Advanced SQUID-on-lever scanning probe for high-sensitivity magnetic microscopy with sub-100-nm spatial resolution

Superconducting quantum interference devices (SQUIDs) are exceptionally sensitive magnetometers, capable of detecting weak magnetic fields. Miniaturizing these devices and integrating them onto scanning probes enables high-resolution imaging at low temperatures. Here, we fabricate nanometer-scale niobium SQUIDs with inner-loop sizes down to 10nm at the apex of individual planar silicon cantilevers via a combination of wafer-scale optical lithography and focused ion beam (FIB) milling. These robust SQUID-on-lever probes overcome many of the limitations of existing devices, achieving spatial resolution better than 100 nm, magnetic flux sensitivity of 0.3 μφ0/Hz, and operation in magnetic fields up to about 0.5 T at 4.2 K. Nanopatterning via Ne- or He-FIB milling allows for the incorporation of a modulation line for coupling magnetic flux into the SQUID or a third Josephson junction, for shifting its phase.
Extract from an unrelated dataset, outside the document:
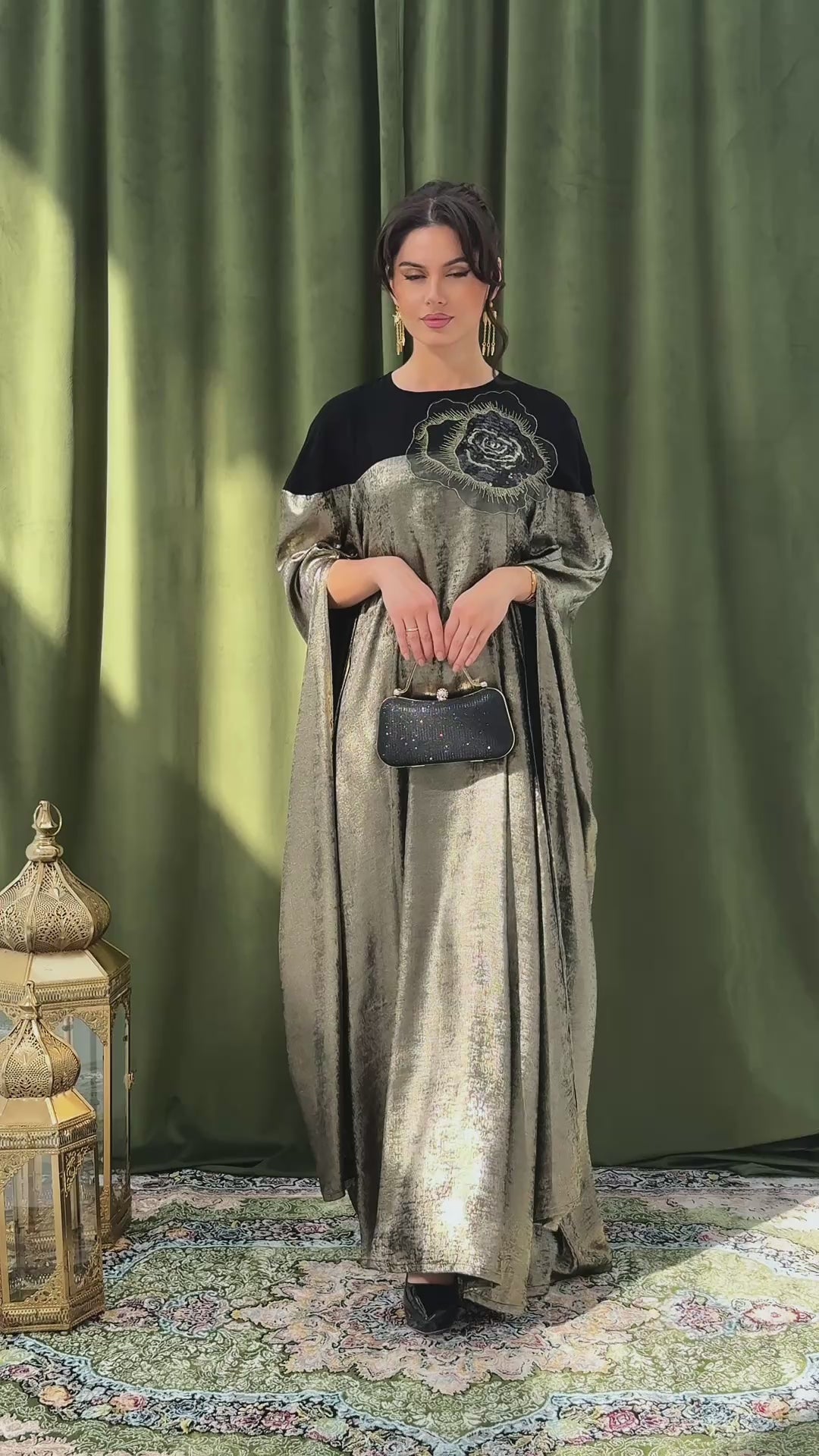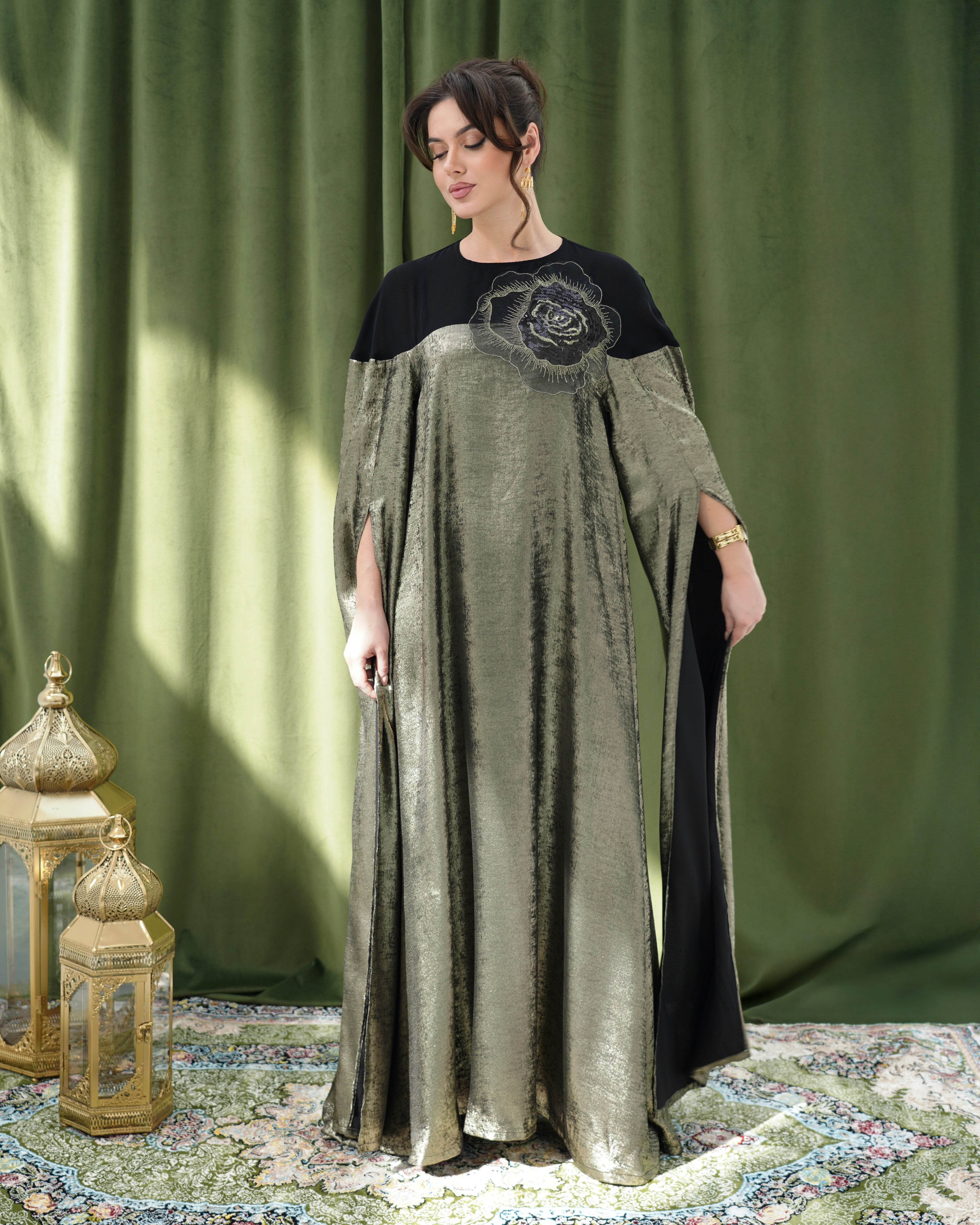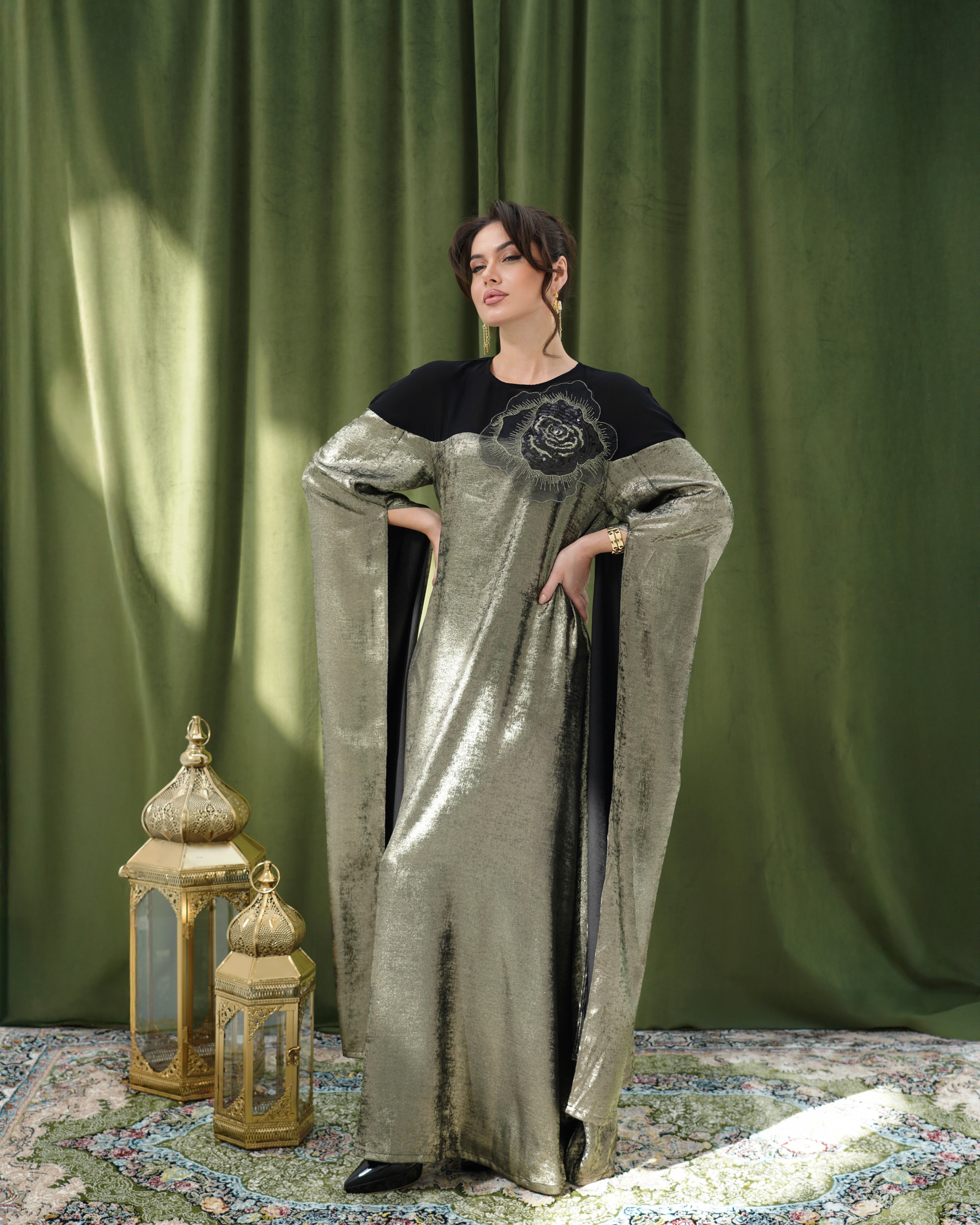 فستان أنيق بقصّة واسعة وانسيابية، يتميز بأكمام فضفاضة مفتوحة تضيف لمسة أنثوية راقية.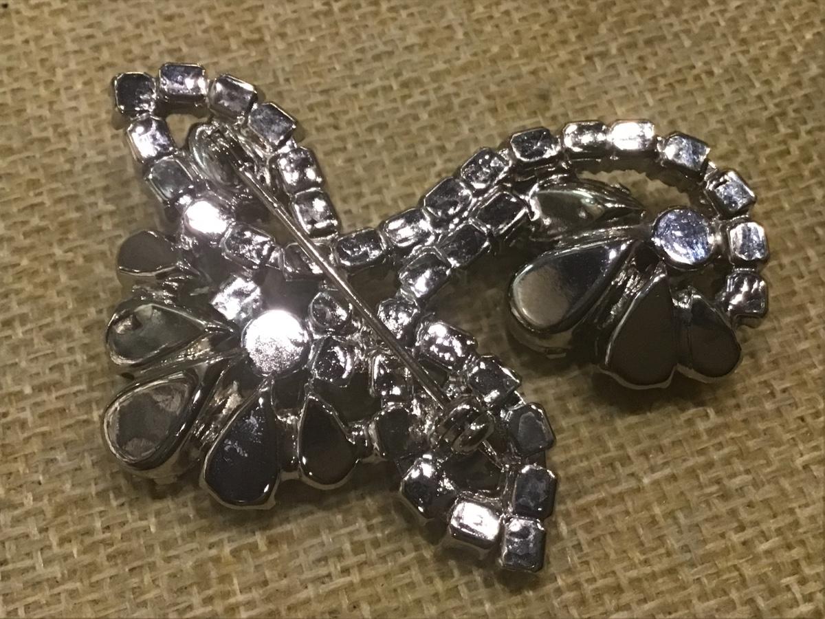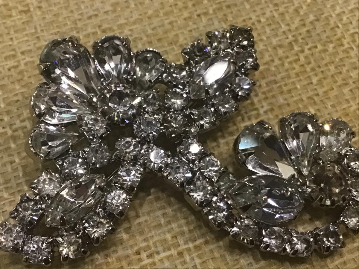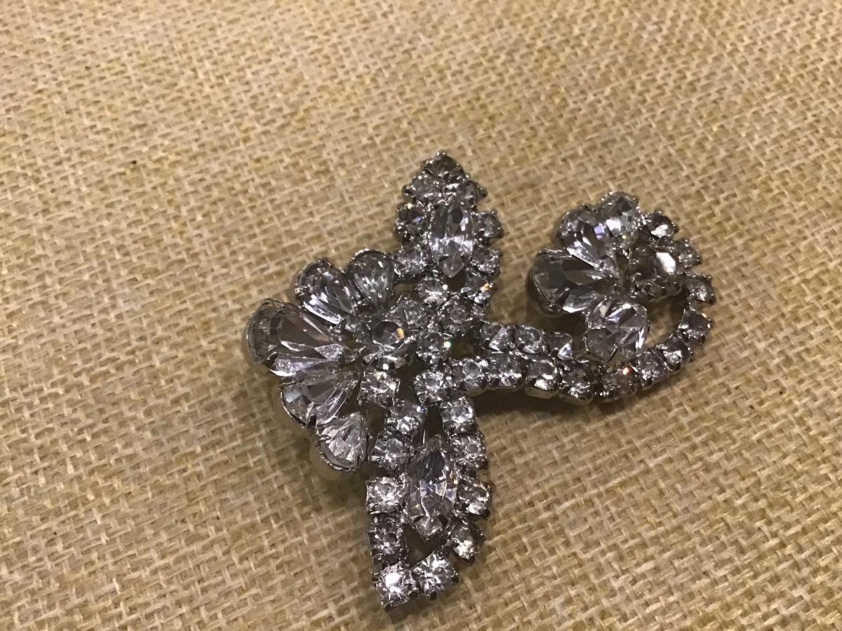 Vintage Unsigned Pin Brooch Clear Rhinestones

Such advanced functionality, combined with high spatial resolution, large magnetic field range, and the ease of use of a cantilever-based scanning probe, extends the applicability of scanning SQUID microscopy to a wide range of magnetic, normally conducting, superconducting, and quantum Hall systems. We demonstrate magnetic imaging of skyrmions at the surface of bulk Cu2OSeO3. Analysis of the point spread function determined from imaging a single skyrmion yields a full width at half maximum of 71 nm. Moreover, we image modulated magnetization patterns with a period of 65 nm.